Later that night, the family is awoken by a strange noise coming from downstairs. Cathy wakes her parents and the three go down to investigate. At first their dog coming in the house startles the three. As the father goes to put him outside again he shuts the door and behind it is his son, Andy. This part in the film was very creepy, because Andy is just standing there like a mannequin. The family is overjoyed to see him and knew that the army had to be wrong about his death. They sit him down at the dinner table and the three crowd around him while Andy just sits there and stares for a minute. Then Andy finally speaks to them in few words with a dead look on his face.
Over the next few days, the family caters to him while Andy just sits in a chair and stares off into space. The father starts to notice that something is not right with his son. He also suspects that Andy might have murdered a truck driver while hitching a ride to their house. What the family doesn’t realize is that Andy did die in Vietnam and now he’s one of the walking dead. Soon they will find out and see for themselves what kind of a monster Andy really is.
They are plenty of eerie scenes throughout this movie and all of them are from the performance of Backus. Just the scenes of him just sitting there staring will give you chills. There’s one part where the postman brings up the friend of Andy’s who got killed and Andy starts to freak out and looks like he’s going to rip the head off the mailman, but all he does is stand up, give him an evil stare, and walk in the house. Other parts that are creepy are just when he’s rocking in his chair upstairs. Then there’s the scene where all these little kids are around him and the family dog keeps barking at him. Andy grabs the dog by the neck and chokes him to death. The kid’s laughter and joy they had when they saw Andy again now turn to tears and horror. It’s a very disturbing scene to watch and probably one of the most horrifying ones in the film.
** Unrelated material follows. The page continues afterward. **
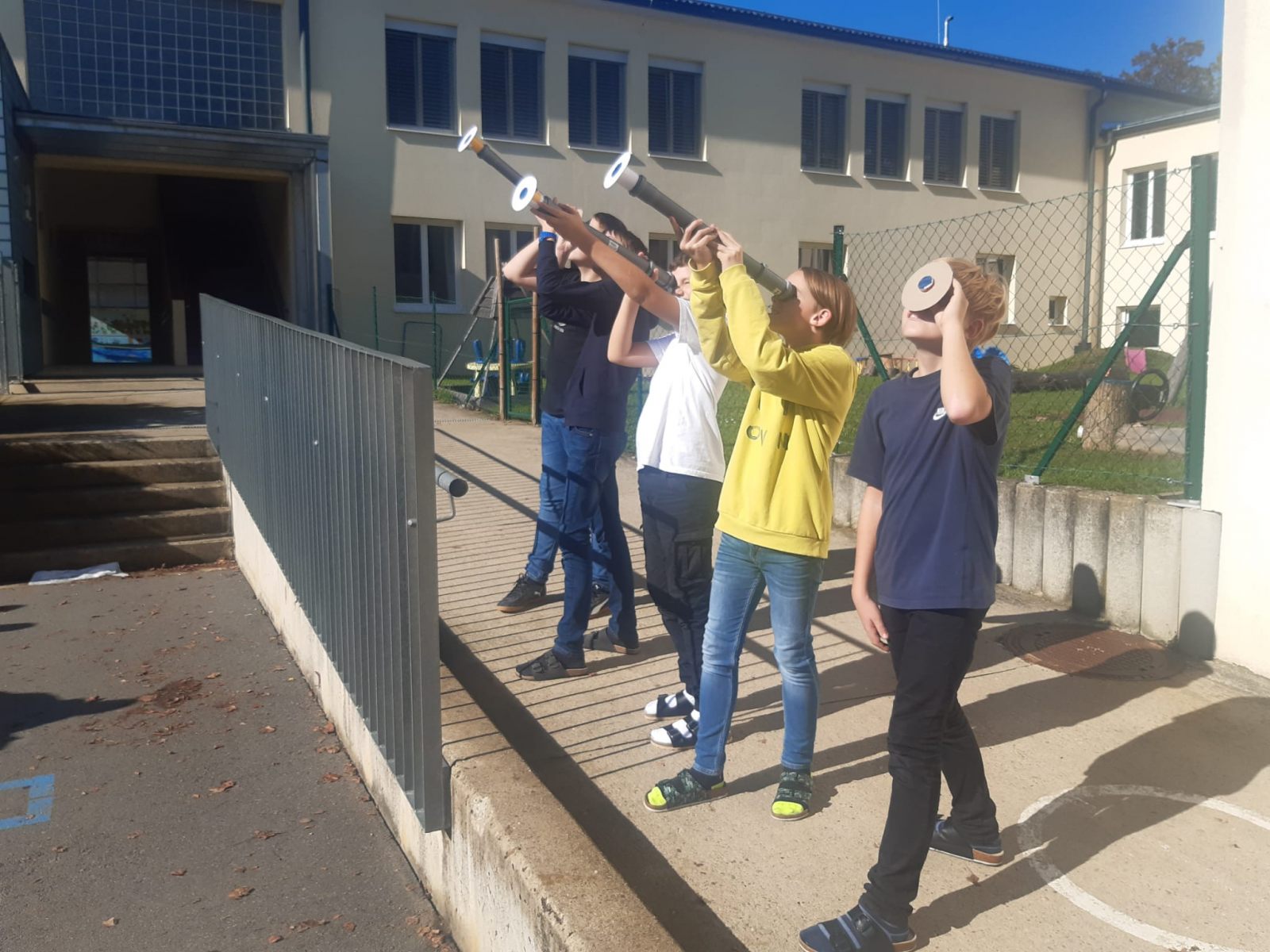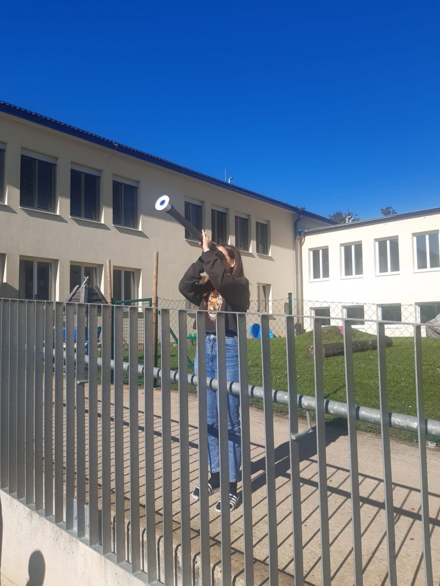 Gemeinsam –insieme- beobachteten die Schülerinnen und Schüler der VS und MS St. Stefan, wie sich der Mond langsam vor die Sonnenscheibe schob. Mit speziellen Filtern ausgestattet, wurde mit zwei Spiegelteleskopen, dem Linsenteleskop der Schule und zehn weiteren, selbstgebauten Linsenteleskopen der NAWEX-Gruppe der Kernschatten des Mondes „unter die Lupe genommen“.

Clark and Ormsby create a spooky atmosphere just as they did in Children Shouldn’t Play with Dead Things, with giving each setting a dark mood. The family’s house at night looks as if it’s surrounded by darkness. The graveyard in the town is creepy as hell down to the thick mist and to the tombstones. There’s also some cool make-up in the film that was done by Ormsby with the help of a newcomer named Tom Savini. This was actually Savini’s first film as a special make-up effects artist. After this he went on to do effects for another Ormsby film, the Ed Gein bio-pic, Deranged.
They were actually a few scenes that were written or shot, but not used in the film. One was going to be part of the opening, where it was going to have Andy walking through the jungles of Vietnam after he was killed walking on top of a sea of dead bodies. Another was when Andy is walking through the town and he comes across a V.A. home. He stops and stares at the flag on the building waving in the wind. An old soldier who is blind is on the pouch and senses someone there. There’s an alternate ending on the DVD that has an explosion of a car at the end, kind of like the big explosion they had in the opening of the film.
I was very glad to finally see Deathdream and was very pleased with it. The film has a creepiness to it, with a scary story, while also providing a political message for that time. Both Bob Clark and Alan Ormsby prove to be masters of horror in the 1970’s. The film is a must see for any horror fan and is a great film to come out of the horror genre of the 70’s.